I'm trying to set my Picture Control settings for best color recreation? I get pretty close to what my eyes are seeing except for the color of clouds. The color of clouds seem to be too light and not dark enough, like when taking pictures of storm clouds. This was very early evening, so it was still a little light, I was using a tripod, and I was keeping my ISO Auto from 100-800.

My current settings:
Sharpening - MAX
Contrast - 1 Step Up
Brightness - N/A
Saturation - 1 Step Down
Hue - MAX

Nikon D5100
Nikkor 18-55mm VR

These Settings are modified STANDARD. 
I am shooting both in JPEG and RAW.
Active D-Lighting - Auto
Metering - Matrix
No Exposure Compensation


----------



## TamiAz (Jun 10, 2012)

gryffinwings said:


> I'm trying to set my Picture Control settings for best color recreation? I get pretty close to what my eyes are seeing except for the color of clouds. The color of clouds seem to be too light and not dark enough, like when taking pictures of storm clouds. This was very early evening, so it was still a little light, I was using a tripod, and I was keeping my ISO Auto from 100-800.
> 
> My current settings:
> Sharpening - MAX
> ...



Are you shooting in manual mode?  I have the D5100 and I'm not sure how you adjust those settings in the camera. I shoot RAW and I adjust the contrast, hue, saturation, brightness and sharpening in Lightroom. I've never done it in the camera.


----------



## cgipson1 (Jun 10, 2012)

Sounds more like an exposure issue than a Picture Control settings issue.  Try spot metering the clouds, instead of using matrix (which averages everything in the veiwfinder).

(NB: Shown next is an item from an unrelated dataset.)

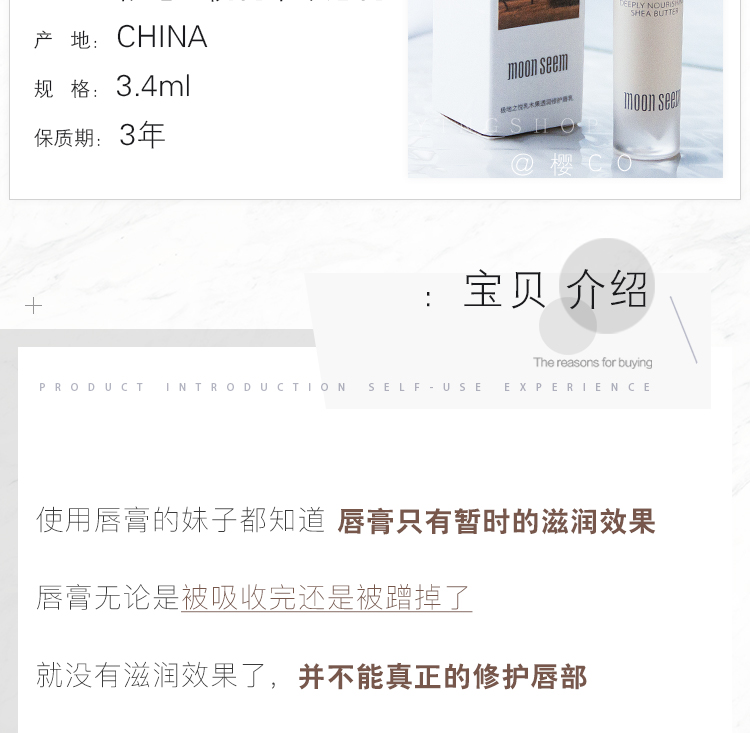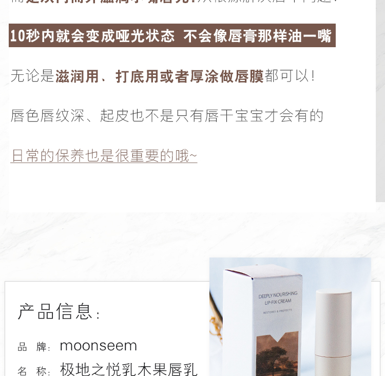 Moonseem极地之悦润唇膏,乳木果唇乳口红,保湿滋润补水,天然植物萃取成分,比唇膏更滋养,软化角质,妆前打底,日常滋养,一棒搞定,清爽不油腻~!

Personally I would turn down the Sharpening and Hue a notch or two, and leave Saturation at zero or +1 for general purpose shooting.


----------



## gryffinwings (Jun 11, 2012)

cgipson1 said:


> Sounds more like an exposure issue than a Picture Control settings issue.  Try spot metering the clouds, instead of using matrix (which averages everything in the veiwfinder).
> 
> Personally I would turn down the Sharpening and Hue a notch or two, and leave Saturation at zero or +1 for general purpose shooting.

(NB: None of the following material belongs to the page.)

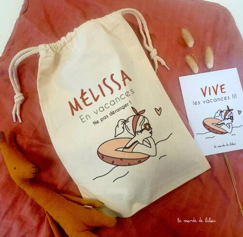 Un petit Sac rangement Enfant en vacances personnalisable multi-usage, il servira pour les vacances, mais aussi pour transporter ses affaires chez les copains ou pour partir en week-end chez papy et mamie… Tout est possible ! Faîtes-en ce que vous voulez : un sac à pyjama, à goûter, à doudou, à change ou pour ranger ses petits jouets…

I would like to know the purpose of turning down the sharpening?

Also I'm not sure how the hue affects the pictures.

With that saturation the skin tones were always too orange/red colored.


----------



## TamiAz (Jun 12, 2012)

gryffinwings said:


> cgipson1 said:
> 
> 
> > Sounds more like an exposure issue than a Picture Control settings issue.  Try spot metering the clouds, instead of using matrix (which averages everything in the veiwfinder).
> ...



Make sure your white balance, exposure and lighting are good and that should help your skin tones.


----------



## nickwhite (Jun 13, 2012)

For my D3200:

Sharpening - MAX -1
Contrast - 1 Step Up
Brightness - N/A
Saturation - 1-2 steps up
Hue - N/A

Picture control is only for the JPEGs coming out of the camera. Cranking the Hue up like that will give you garish colors. For RAW, I'll run them through a workflow in Lightroom, or manually tweak the settings by hand.


----------